Frontiers Commentary ARTICLE
Amygdala and Emotion: The Bright Side of It
- 1Department of Biological and Clinical Psychology, University of Greifswald, Greifswald, Germany
- 2Department of Cognitive Psychology, University of Hamburg, Hamburg, Germany
By Bonnet, L., Comte, A., Tatu, L., Millot, J.-L., Moulin, T., and Medeiros de Bustos, E. (2015). Front. Behav. Neurosci. 9:178. doi: 10.3389/fnbeh.2015.00178
It has long been known that the amygdala, a bilateral structure from the medial temporal lobe, is related to emotion, particularly in processing of aversive information (e.g., LeDoux, 1996). However, accumulating evidence suggests that amygdala activation is also involved in processing pleasant information, as observed, for instance, in studies using reward-learning (e.g., Adolphs, 2010; Janak and Tye, 2015), episodic memory encoding (e.g., Hamann et al., 1999; Dolcos et al., 2004), pleasant scene or face perception (e.g., Sabatinelli et al., 2011) or mental imagery of pleasant experiences (e.g., Costa et al., 2010). In a broader sense, the amygdala has been discussed as a key structure triggering the organisms' survival circuit that is organized into distinct motivational systems, the appetitive and defensive motivation system (Lang and Bradley, 2010).
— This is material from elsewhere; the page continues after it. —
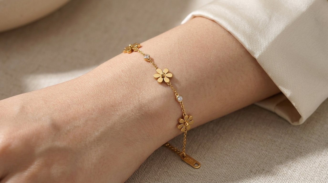 Elevate your everyday style with this exquisite 18K Gold Blooming Daisy & Crystal Chain Bracelet. Crafted with a delicate yet durable gold chain, this charming piece features three beautifully detailed floral motifs that bring a touch of nature’s elegance to your wrist. Interspersed between the golden blossoms are two sparkling, bezel-set clear crystals that catch the light with every movement. Complete with a secure lobster clasp and an adjustable extender chain, it ensures a perfect, comfortable fit for any wrist size. Whether worn alone for a minimalist look or layered with other favorites, this bracelet is a timeless addition to any jewelry collection.

These systems engage processes that facilitate attention allocation and perceptual processing (Anderson and Phelps, 2001; Vuilleumier, 2005; Schwabe et al., 2011), associated with prioritized memory storage (McGaugh, 2015), and initiate metabolic changes (arousal) in order to mobilize the organism for appropriate coping actions, such as approach or avoidance (e.g., Lang and Bradley, 2013). Based on animal models (see for overview Davis and Whalen, 2001; Davis and Lang, 2003), these primary functions are served by bundles of nuclei within the amygdala, which receive input from various sources, such as cortex and thalamus (sensory) or hippocampus and in turn project to regions that mediate various cognitive functions (e.g., vigilance, attention, memory) as well as other processes (e.g., autonomic and somatic) and together facilitate such survival actions.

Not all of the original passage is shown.